The fact is that the tradition knows of no malaise in Mecca, be it religious, social, political, or moral. On the contrary, the Meccans are described as eminently successful; and Watt's impression that their success led to cynicism arises from his otherwise commendable attempt to see Islamic history through Muslim eyes. The reason why the Meccans come across as morally bankrupt in the sources is not that their traditional way of life had broken down, but that it functioned too well: the Meccans preferred their traditional way of life to Islam. It is for this that they are penalized in the sources; and the more committed a man was to this way of life, the more cynical, amoral, or hypocritical he will sound to us: Abu Sufyan cannot swear by a pagan deity without the reader feeling an instinctive aversion to him, because the reader knows with his sources that somebody who swears by a false deity is somebody who believes in nothing at all.

In the third place, the Watt thesis fails to account for the fact that it was in Medina rather than in Mecca that Muhammad's message was accepted. In Mecca, Muhammad was only a would-be prophet, and if he had stayed in Mecca, that is what he would have remained. This makes sense, given the general absence of evidence for a crisis in Mecca: if Muhammad himself had conceived his monotheism as a blueprint for social and moral reform in Mecca, he must soon have changed it into something else. It was outside Mecca, first in Medina and then elsewhere in Arabia, that there was a market for his monotheism: the Meccans had to be conquered before they converted. It follows that the problems to which Muhammad's message offered a solution must have been problems shared by the Medinese and other Arabs to the exclusion of the Meccans. In short, they were problems that had nothing to do with Meccan trade.

Is this surprising? Ultimately, the Watt thesis boils down to the proposition that a city in a remote corner of Arabia had some social problems to which a preacher responded by founding a world religion. It sounds like an overreaction. Why should a blueprint for social reform in Mecca have caused the entire peninsula to explode? Clearly, we must concentrate on such factors as were common to Arabia, not on those that were peculiar to Mecca; the more unusual we consider Mecca to have been, the more irrelevant we make it to the explanation of the rise of Islam.
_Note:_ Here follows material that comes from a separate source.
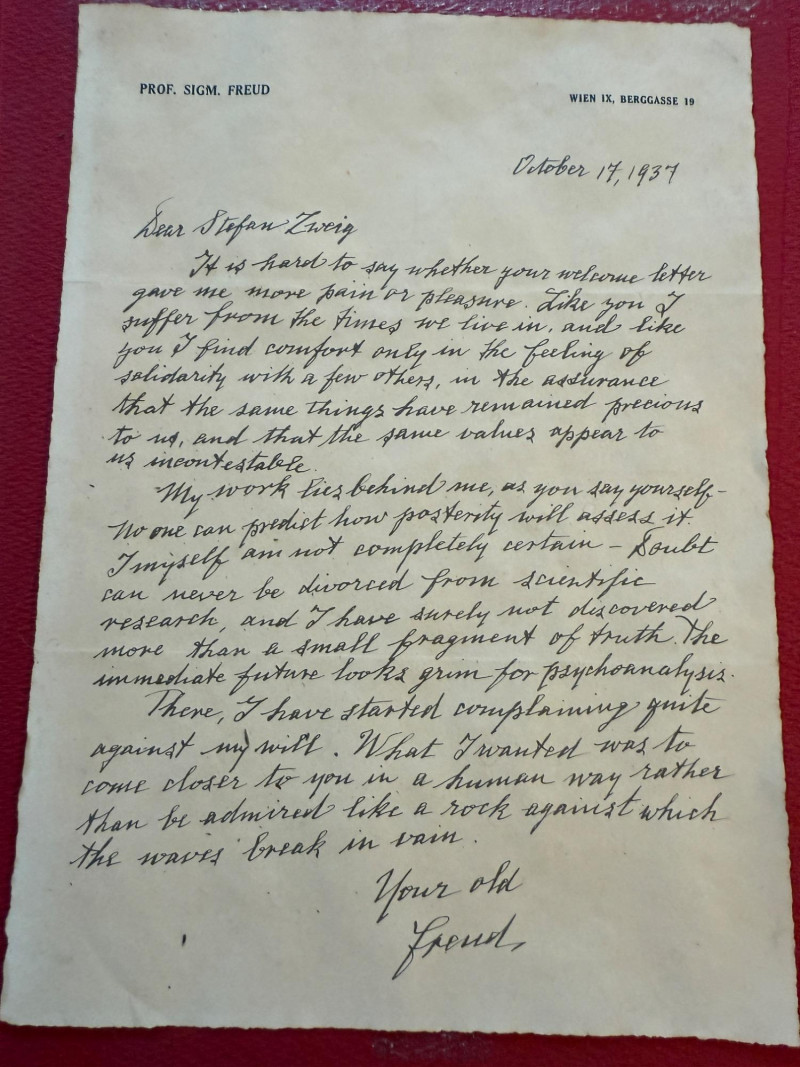 A 1937 handwritten letter from Sigmund Freud to Stefan Zweig (a prominent author in 1920-30’s i.e. Charles Dickens)

Watt is not, of course, unaware of the need to explain the success of Muhammad's message outside Mecca. But having linked its genesis with Meccan trade, he is forced to identify a second set of problems to account for its success in Medina; and having opted for problems arising from a transition to a settled life in Medina, he needs a third set of problems to account for its spread in Arabia at large, this time opting for a general spiritual crisis: "there was a growing awareness of the existence of the individual in separateness from the tribe, with the consequent problem of the cessation of his individual existence at death. What was the ultimate destiny of man? Was death the end?''

The changes and transitions in question would, however, seem to be largely of Watt's own making. As regards the feuds with which the Medinese had to cope, they did not arise from a transition to settled life, but simply from settled life in general. It is a mistake to regard tribal organization as peculiar to nomads and sedentarization as necessarily leading to alternative forms of organizations, norms, and beliefs. The settled people of pre-oil Arabia were tribally organized, like the Bedouin, and they subscribed to much the same norms and beliefs; both settled and nomadic life was typically life under conditions of statelessness. Watt is right that sedentarization created a greater need for authority, but the material resources required for the creation and maintenance of stable state structures simply were not available. Accordingly, Arabian settlements were usually plagued by feuds; those characteristic of Medina in the sixth century would appear to have been no different from those characteristic of most Arabian settlements, including Medina, in the nineteenth. The feuds to which Muhammad offered a solution were a constant of Arabian history, not a result of change. It was only the solution that was new. The novelty of the solution lay in the idea of divinely validated state structures; and it was Muhammad's state, not his supposed blueprint for social reform, which had such powerful effect on the rest of Arabia.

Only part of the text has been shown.